The solution from top of my head is:
SELECT id FROM things WHERE things.path LIKE '%/12/%'
But AFAIK this query can't use indexes on the column due to the leading %
.
There must be something better. What is it?
Using PostgreSQL, but would prefer the solution that would work across other DBs too.
In PostgreSQL 9.1 you could utilize the pg_trgm
module and build a GIN index with it.
CREATE EXTENSION pg_trgm; -- once per database
CREATE INDEX things_path_trgm_gin_idx ON things USING gin (path gin_trgm_ops);
Your LIKE
expression can use this index even if it is not left-anchored.
See a detailed demo by depesz here.
Normalize it If you can, though.
If you're happy turning that column into an array of integers, like:
'/123/12/34/56/5/' becomes ARRAY[123,12,34,56,5]
So that path_arr
is a column of type INTEGER[]
, then you can create a GIN index on that column:
CREATE INDEX ON things USING gin(path_arr);
A query for all items containing 12 then becomes:
SELECT * FROM things WHERE ARRAY[12] <@ path_arr;
Which will use the index.

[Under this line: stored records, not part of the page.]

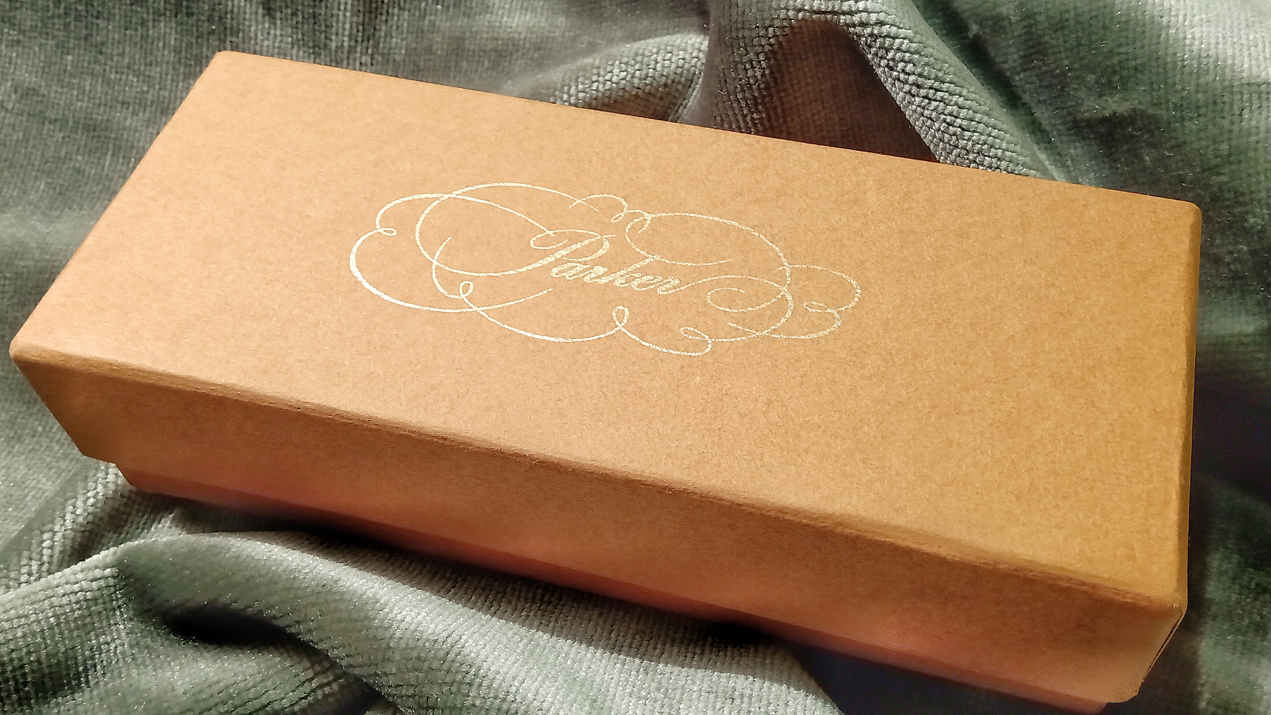 Si prosegue con il coperchio della scatola, che una volta assemblato verrà rivestito con lo stesso cartoncino goffrato, che riceverà un logo del brand, stampato con inchiostro oro, prima di essere incollato.
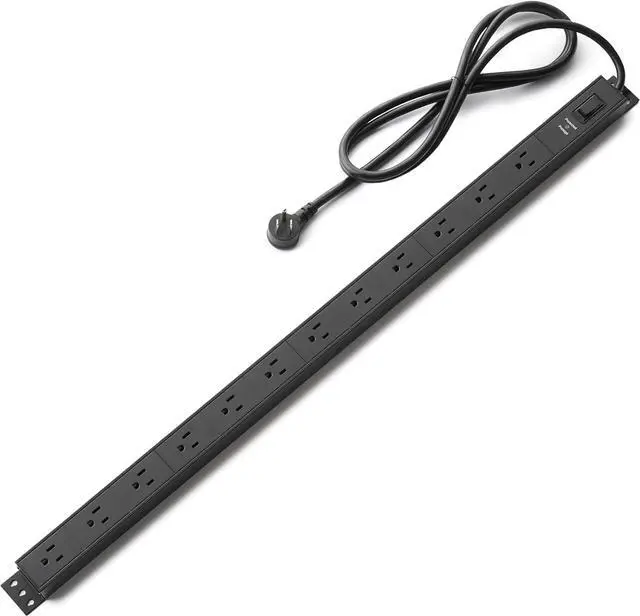 12-outlet, 600 joule power strip surge protector in durable aluminum housing with mounting holes for quick, easy installation
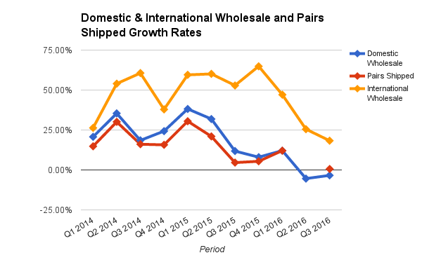 The falloff in growth in domestic wholesale repeated its gut-wrenching drop in the first quarter: Growth rose just 12% this time, for a 68% drop in the growth rate, until finally turning negative in the second quarter when sales actually fell 5.4% from 2015. That it's negative once again in the third quarter shows just how much this footwear company's business has shriveled.

In my test (with a million rows), I get plans like:
EXPLAIN SELECT * FROM things WHERE ARRAY[12] <@ path_arr;
QUERY PLAN
----------------------------------------------------------------------------------------
Bitmap Heap Scan on things (cost=5915.75..9216.99 rows=1000 width=92)
Recheck Cond: (path_arr <@ '{12}'::integer[])
-> Bitmap Index Scan on things_path_arr_idx (cost=0.00..5915.50 rows=1000 width=0)
Index Cond: ('{12}'::integer[] <@ path_arr)
(4 rows)